In some embodiments, numerical scores for the subset of
observations for the respective first-subject observation set are
aggregated, and the aggregate numerical score for the respective
first-subject observation set is compared against a corresponding
feature score threshold.
[0142] In some embodiments, the subject data store is updated
(7080) at the first memory location (e.g., of memory 206 of the
data repository 108, FIG. 2) with one or more computed numerical
scores. In some embodiments, the computed numerical scores that are
stored have associated timestamps indicating the date/time at which
the scores were computed, and are stored for later access on behalf
of the first subject, or by other users with access to the data
repository apparatus.
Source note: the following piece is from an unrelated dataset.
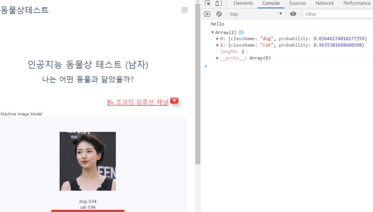 때문에 prediction[0].className은 닮은%가 높은 닮은꼴 동물이름이 오게 된다
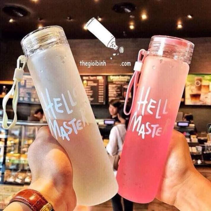 Bình đượng nước thủy tinh HELLO MASTER 450ml- Với thiết kế đơn giản bình thủy tinh có in chữ HELLO MASTER đủ màu và nắp nhựa có gioăng chất liệu cao su bạn hoàn toàn an tâm khi tiếp xúc với thức uống, hoàn toàn không chảy nước khi bạn để nghiên bình

In some embodiments, the subject data store
is updated at the first memory location with an indication of the
temporal observable change.
[0143] In some embodiments, in accordance with the respective
numerical score of the one or more numerical scores satisfying the
corresponding numerical score threshold, an alert is sent (7082) to
a remote device associated with the first subject or a remote
device associated with a caretaker of the first subject. The alert
may include one or more forms of electronic communication (e.g.,
automated e-mail, text message, notification in proprietary
application linked to the data repository apparatus, etc.).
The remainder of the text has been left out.